Most often in life the rewards we receive come through great difficulty and trial, when we’re provoked into action. This, it seems to me, is the role of the prophet in our midst. It is his/her lot in life to say the things we’d rather not hear, to expose the darkness clinging to the unseen crevices of our hearts. This past Sunday I listened to a sermon that brought me to tears. Jannie Stubbs, our co-pastor, spoke about grace, comparing it to the impossible demands of the Old Testament law and oral tradition. She spoke of how we create self-righteous, legalistic dividing lines between ourselves and those we don’t approve of. The dividing lines may be between left and right, between the ugliness of someone else’s sin and our “righteousness,” or between those we disagree with and ourselves. Once we create these dividing lines we have the uncanny ability to create the highest wall we possibly can between us. It’s a wall of separation that reads “I’m good and you’re bad. I’m saved and you’re lost.” As I listened I found myself wanting to shout, “Stop! In the name of God, stop!” But, the more I listened the more the words pierced. I found myself recalling he words of the Sermon on the Mount, about the equality at the bar of God’s justice between the man who murders and the man who calls his brother a fool. I tried to find comfort in the fact that I hadn’t committed any great sins, but then the words of the Book of Common Prayer from my Episcopal roots came to mind – “We have done those things which we ought not to have done and we have left those things undone which we ought to have done and there is no health in us.” I realized that for every sin of commission I could find in someone else, I could in turn find a sin of omission in me.
What does this have to do with Jeremiah Wright? One of the things he spoke about yesterday was the possibility of reconciliation. While it might be easy to dismiss him as a hate filled fanatic, it’s not so easy to dismiss the reconciliation offered by the prophets and Jesus.

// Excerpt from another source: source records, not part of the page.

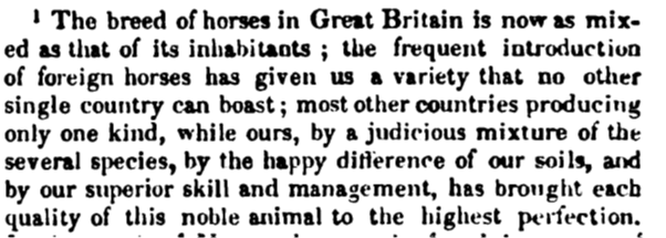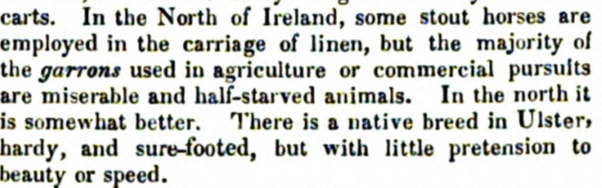 And so I continue reading the giant footnote, which is clearly mostly Youatt, reminding myself that it is a footnote and not the main text, going through the various breed descriptions, until that section appears to come to an end, with a snarky and uncalled for comment on the horses of Ulster: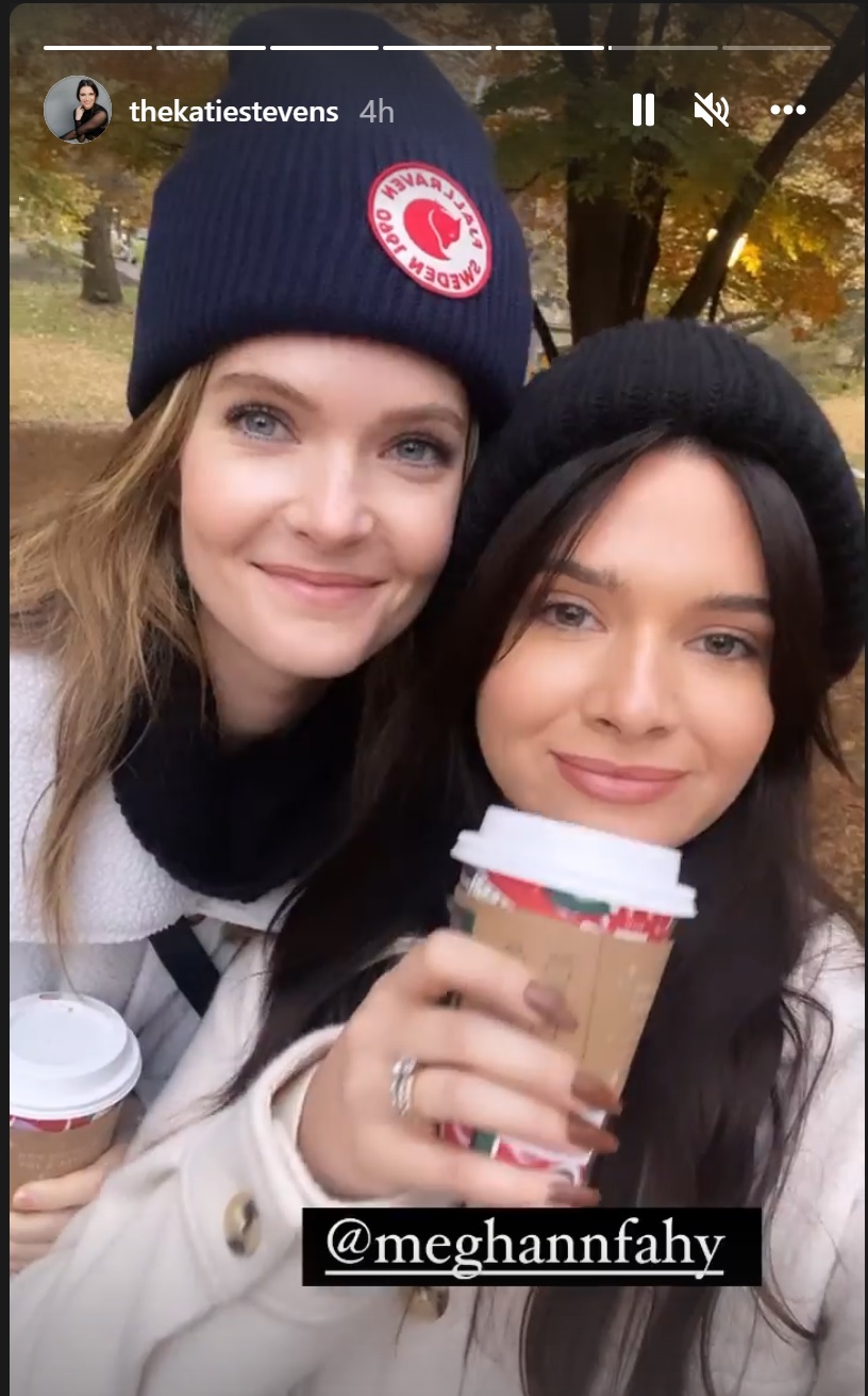 Katie Stevens and Meghann Fahy reunited in New York City today, November 21. The former The Bold Type costars were all smiles as they enjoyed their coffees in the city.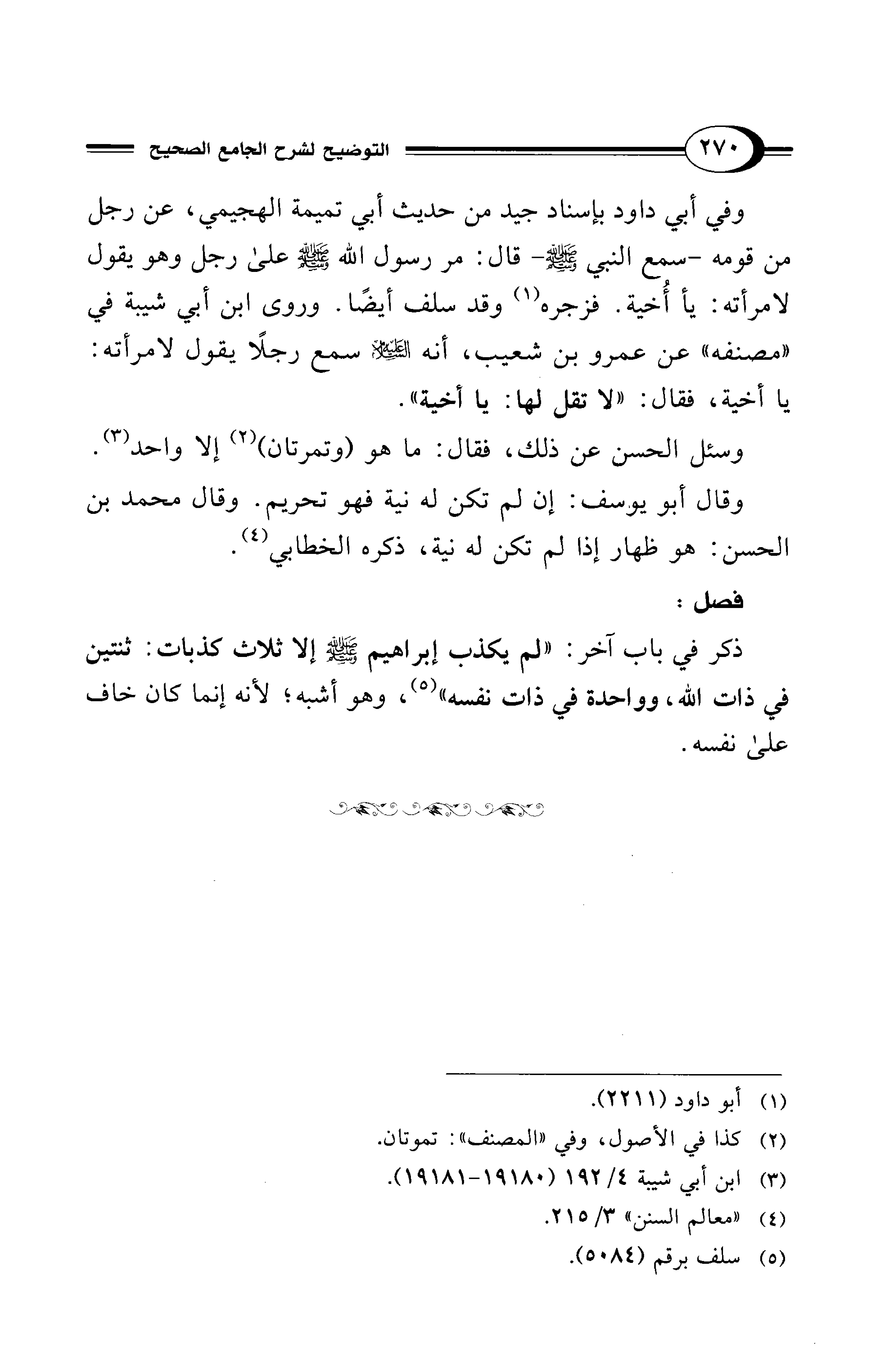 ذكر في باب آخر: "لم يكذب إبراهيم - صلى الله عليه وسلم - إلا ثلاث كذبات: ثنتين في ذات الله، وواحدة في ذات نفسه" (¬5)، وهو أشبه؛ لأنه إنما كان خاف علي نفسه.

While it’s true the message they brought was one seemingly laden with doom, it’s also true that they brought a message filled with hope. “Come let us reason together,” Isaiah said. Ezekiel railed against the sins of Israel, but he also saw the possibility of a valley of dry bones coming to life. Joel spoke of the devastation of the canker worm, but also saw the promise of a time when God would send His people corn, wine, and oil, and a time when God would “no more make you a reproach among the heathen.”
You see, it is the role of the prophet is to provoke and be provocative, of living and speaking in the tension between judgment and reconciliation. It’s a message whose context is, if we can hear it, love and grace.
In the end, the message I think we’ve had great difficulty hearing in all the media sound bytes these days is that message of reconciliation. As I said earlier, I’m not an apologist for Jeremiah Wright, but I do think the message hidden from us in the media’s rush for ratings and profits is that reconciliation is possible. This is the message from heaven, that God was/is in Christ, reconciling the world to Himself and wants us to reconcile ourselves to one another. At a time when the dividing lines and walls have been so skillfully drawn and erected and the airwaves are crackling with hate it’s almost impossible to hear. I think it’s understandable. The business of reconciliation is difficult. If it weren’t so, there would have been no reason for Jesus to die on the cross to open the door to grace and absolution to all of us.
I believe, then, that the task before us in the wake of Jeremiah Wright is to open that door and begin the long process of reconciliation and healing in our time.